The first resource stanza gives access to the AWS environment using your pre-defined access and secret keys, and setting the region that will be used. Finally it set the time-to-live for the ephemeral credentials.

resource "vault_aws_secret_backend_role" "ec2-admin" {
backend = "${vault_aws_secret_backend.aws.path}"
name = "ec2-admin-role"
credential_type = "IAM_user"

policy_document = <<EOF
{
"Version": "2012-10-17",
"Statement": [
{
"Effect": "Allow",
"Action": [
"iam:*", "ec2:*"
],
"Resource": "*"
}
]
}
EOF
}

The second resource stanza creates the role of ec2-admin and assigns the necessary user policy.

Running through this code in a dedicated Admin environment you can see the user being created, this also shows that the split of the script into variables, resource and outputs has been successful.

Looking at the Vault terminal session you can verify the code has run through the vault.

Vault Log
Vault Log showing Credential creation

The next step is to modify our current deployment code to point to the vault to enable real time short term credentials for authentication.

Running the LAMP Deployment again

We now need to rework the code to take advantage of the increased security that the Vault server supplies.

The first thing you should notice about the new script is that there are no defined variables in this script, these have been moved out to a separate Terraform file called variables.tf. We have also added two new variables.

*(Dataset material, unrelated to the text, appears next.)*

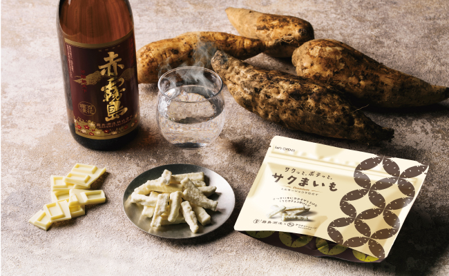 タマチャンショップと霧島酒造の人気コラボ「サクまいも」シリーズから、 冬季限定の新フレーバー『サクまいも ミルキーショコラ仕立て』が登場。焼酎にも使用される宮崎県産のさつまいも「黄金千貫」を減圧フライ製法でサクッと軽やかに揚げ、低糖ホワイトチョコで包み込んだ、とろける口どけのスイーツです。雪のように白く繊細なホワイトチョコが、サツマイモのやさしい甘みと調和。 ひとくちごとにふんわりと溶け出す味わいは、心までほどけるような幸福感をもたらします。すっきりとした後味で、ティータイムやリラックスタイムにもぴったり。 ワインや焼酎と合わせれば“大人の冬スイーツ”としても楽しめます。

variable "vault_addr" {default="<your servername here>:8200"}
variable "vault_token" {default = "<Vault Token Here>"}

After removing the variables from the original script we add the following stanzas to the code.

provider "vault" {
address = "${var.vault_addr}"
token = "${var.vault_token}"
}

data "vault_aws_access_credentials" "creds" {
backend = "aws"
role = "ec2-admin-role"
}

These enable the vault provider and set the credentials to be utilized. Next the AWS provider code needs to be modified to read:

provider "aws" {
access_key = "${data.vault_aws_access_credentials.creds.access_key}"
secret_key = "${data.vault_aws_access_credentials.creds.secret_key}"
region = "${var.region}"
}

For completeness we also split out the outputs into a file called outputs.tf thus clearing up the code some more.

output "backend" {
value = "${vault_aws_secret_backend.aws.path}"
}

output "role" {
value = "${vault_aws_secret_backend_role.ec2-admin.name}"
}

When we save the code and run it Terraform now looks to the vault server for the relevant tokens to access AWS. Once those credentials have been received the script runs exactly as before, but with the added security of a one time use credential.

Summary

 

This has been quite a long post but we have investigated several major points in securing our environment and looked at some tenants of proper coding.

In our next post we move on the what our manager asked us to do: to introduce the resilience and start to break out the code into smaller chunks so that less-often change code is in different files. I firmly believe that our mythical manager will be happy that we have increased the security of the environment and created a proper DevOps Pipeline to support the continuing development of the environment.